Picking the Primary Method and the Confirmation Method
The decision logic is matrix-driven, not instrument-driven. Run through this scenario tree before committing.
| Scenario | Primary | Confirmation | Why |
|---|---|---|---|
| Fatty simulant D2 / D2i, regulatory submission | GC-MS | GC-MS in second simulant | LOD ~1000× under SML; D2i capped at 60 °C |
| Aqueous simulant B at 70 °C | GC-MS (parent) | LC-MS or IM-HRMS (hydrolysis products) | DOA hydrolyzes; mass balance needs MEHA + 2-ethylhexanol |
| Incoming PVC raw-material screening | ATR-FTIR + ML | GC-MS on positives | One-minute triage before chromatography queue |
| Total extractable for spec compliance | ASTM D1239 gravimetric | None required | Single-number lot release, not per-substance |
| Multi-plasticizer formulation (DEHP present) | GC-MS only | Second column or GC×GC | HPLC-UV co-elution kills quantification accuracy |
| Hot-fill / vapor-space migration | Headspace SPME-GC-MS | Liquid-phase GC-MS | Captures volatile fraction bulk extraction misses |
Two execution rules apply across all scenarios. The confirmation method must use a different separation principle (different column phase, different ionization, or different simulant); repeating the primary method does not buy confidence, it just doubles analyst time. And when the formulation is multi-plasticizer, GC-MS always beats HPLC-UV — the DEHP co-elution risk makes UV/DAD a quantification trap unless you have proof of phthalate-free composition.

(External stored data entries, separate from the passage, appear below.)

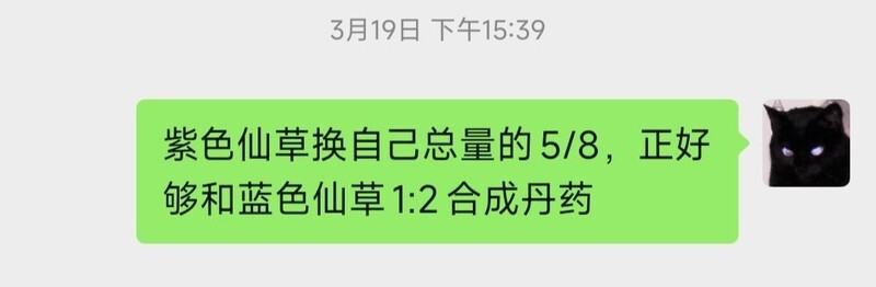 黑市兑换比例为1:1.2,最终能炼制的丹药数量是紫草剩余部分的3/8。
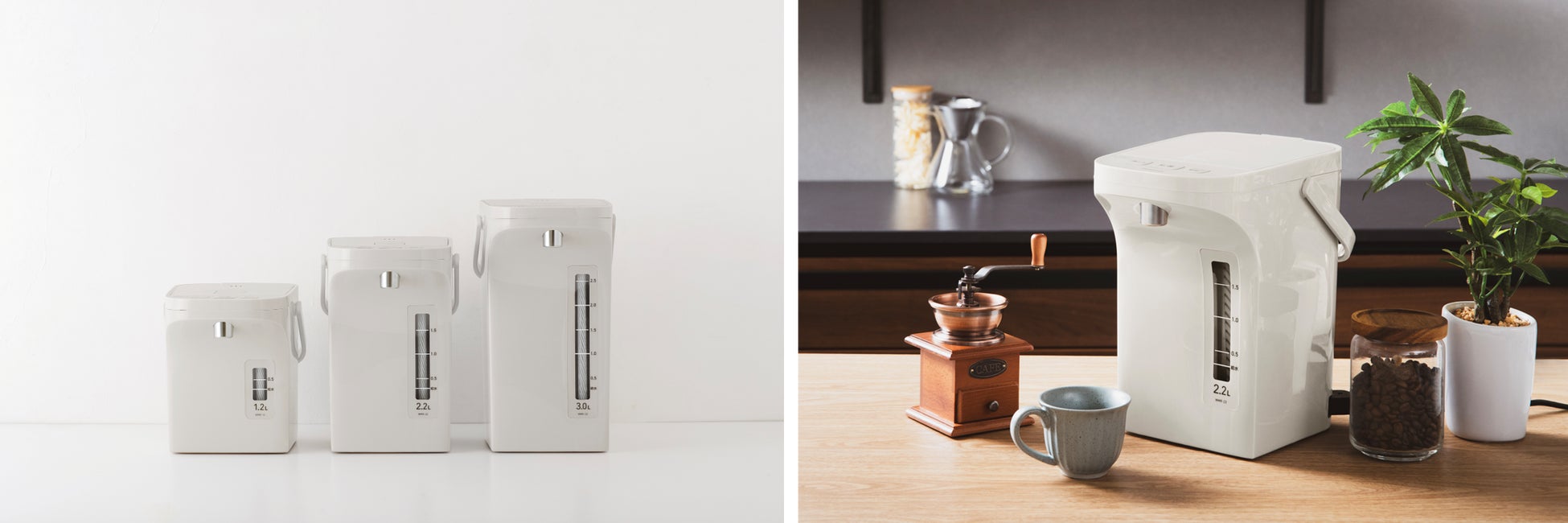 また、ライフスタイルに合わせて選べる3サイズ(1.2L・2.2L・3.0L)展開で、1.2Lの小容量サイズは、単身世帯やコンパクトなキッチンにもぴったりです。刷新したデザインは、シンプルでスタイリッシュなフォルムと使いやすい操作性を兼ね備え、毎日のお手入れも簡単です。
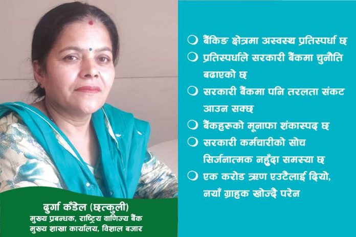 सरकारी बैंकहरू अब निजी बैंकजस्तै प्रतिस्पर्धाका लागि तयार रहन परम्परागत कार्यशैली र सोचबाट मुक्त हुनुपर्ने उनी बताउँछिन् । विगतमा नेपाल बैंकमा काम गरेकी कँडेल हाल नेपाल बैंकको प्रमुख कार्यकारी अधिकृत (सिइओ) को एकमात्र महिला प्रतिस्पर्धीसमेत रहेकी छन् । यिनै विविध विषयमा शाखा प्रबन्धक कँडेलसँग हिमालय टाइम्सका लेखनाथ पोखरेलले गरेको कुराकानी ः
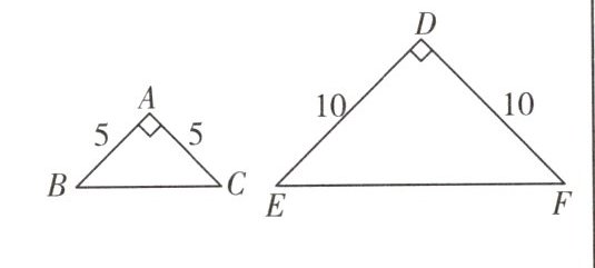 $ \therefore \frac { A B } { D E } = \frac { A C } { D F } = \frac { B C } { E F } = \frac { 5 } { 10 } = \frac { 1 } { 2 } , \angle A = \angle D = 90 ^ { \circ } , \angle B = \angle E = \angle C = \angle F = 45 ^ { \circ } $,
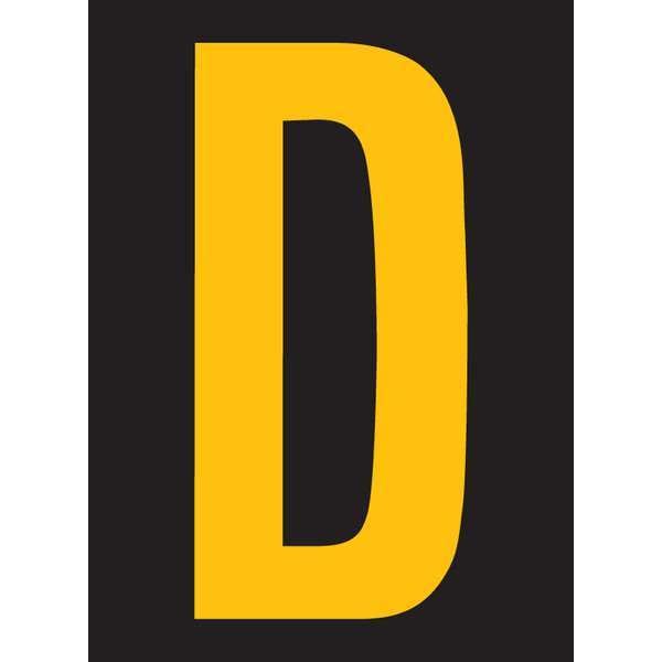 Letter Label, Adhesive Type Permanent Adhesive, Application General Identification, APWA Compliant Color No, Background Color Black, Character Color Yellow, Character Color Gradient Solid Color, Character Height 2 1/2 in, Character Outline Color Not Applicable, Character Type Letters, Characters Included D, Die Cut Yes, Embossed No, Font Swis 721 BT Bold Cn, Includes (25) Markers, Indoor/Outdoor Usage Indoor/Outdoor, Letter Casing Uppercase, Material Vinyl, Meets USCG Registration Guidelines No
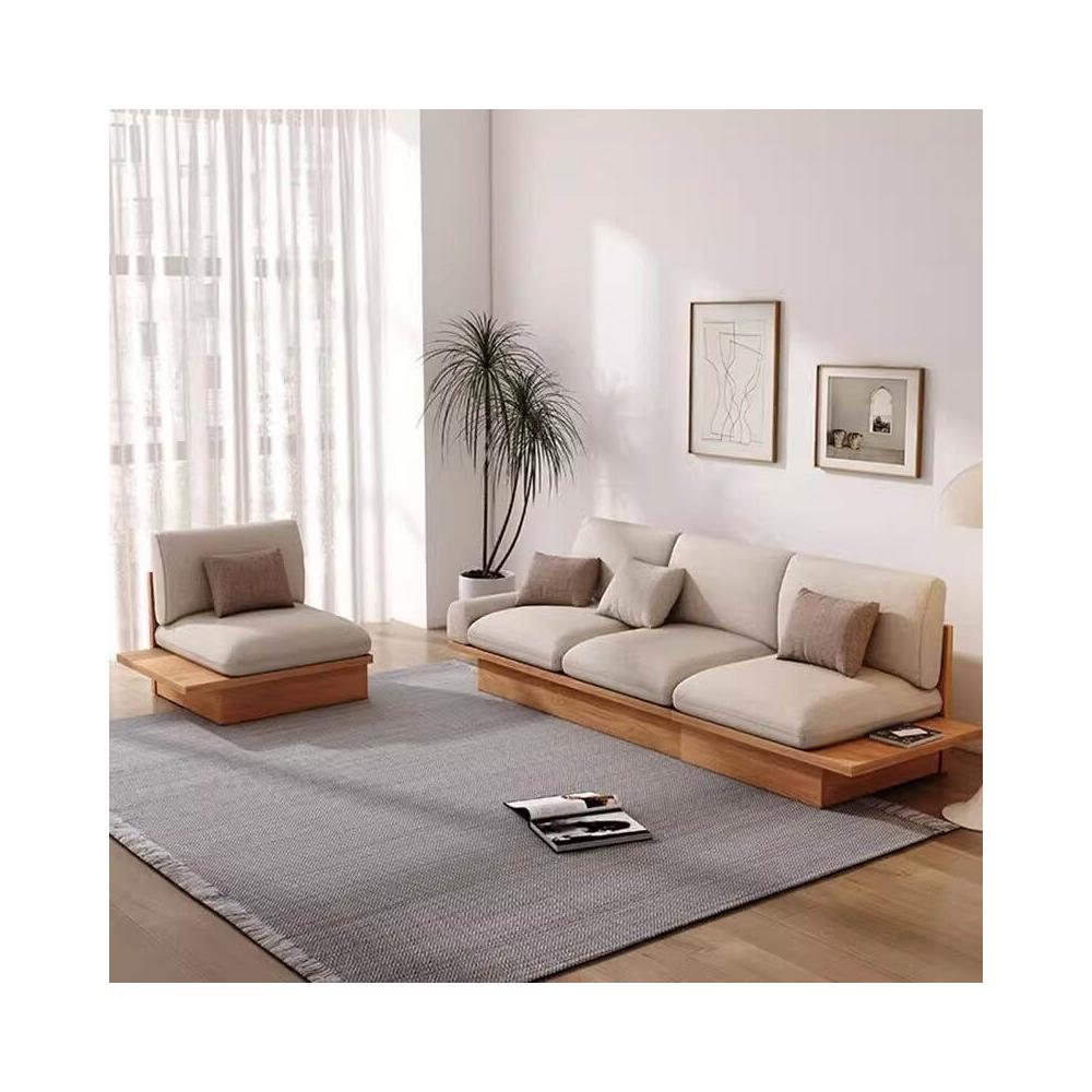 侘寂風格實木沙發日式原木風三人位沙發現代簡約北歐儲物沙發組合

What Decides the Right Method
The method choice is not about which instrument your lab owns. It is about which simulant the regulator made you use, which co-plasticizers the formulation actually contains, and whether the question is “is there migration above SML” or “what is the mg/kg number.”
GC-MS is the answer in most regulatory contexts because the LOD headroom and the EI fragmentation pattern give you both confirmation and quantification in one run — but the pairing decides whether the submission gets accepted or sent back. For aqueous simulant B at 70 °C, parent-only assay is already wrong before you start; for phthalate-containing formulations, the HPLC-UV report is wrong before you integrate. The method you pick has to match the matrix and the regulatory question being answered, not the instrument that happens to be free this afternoon.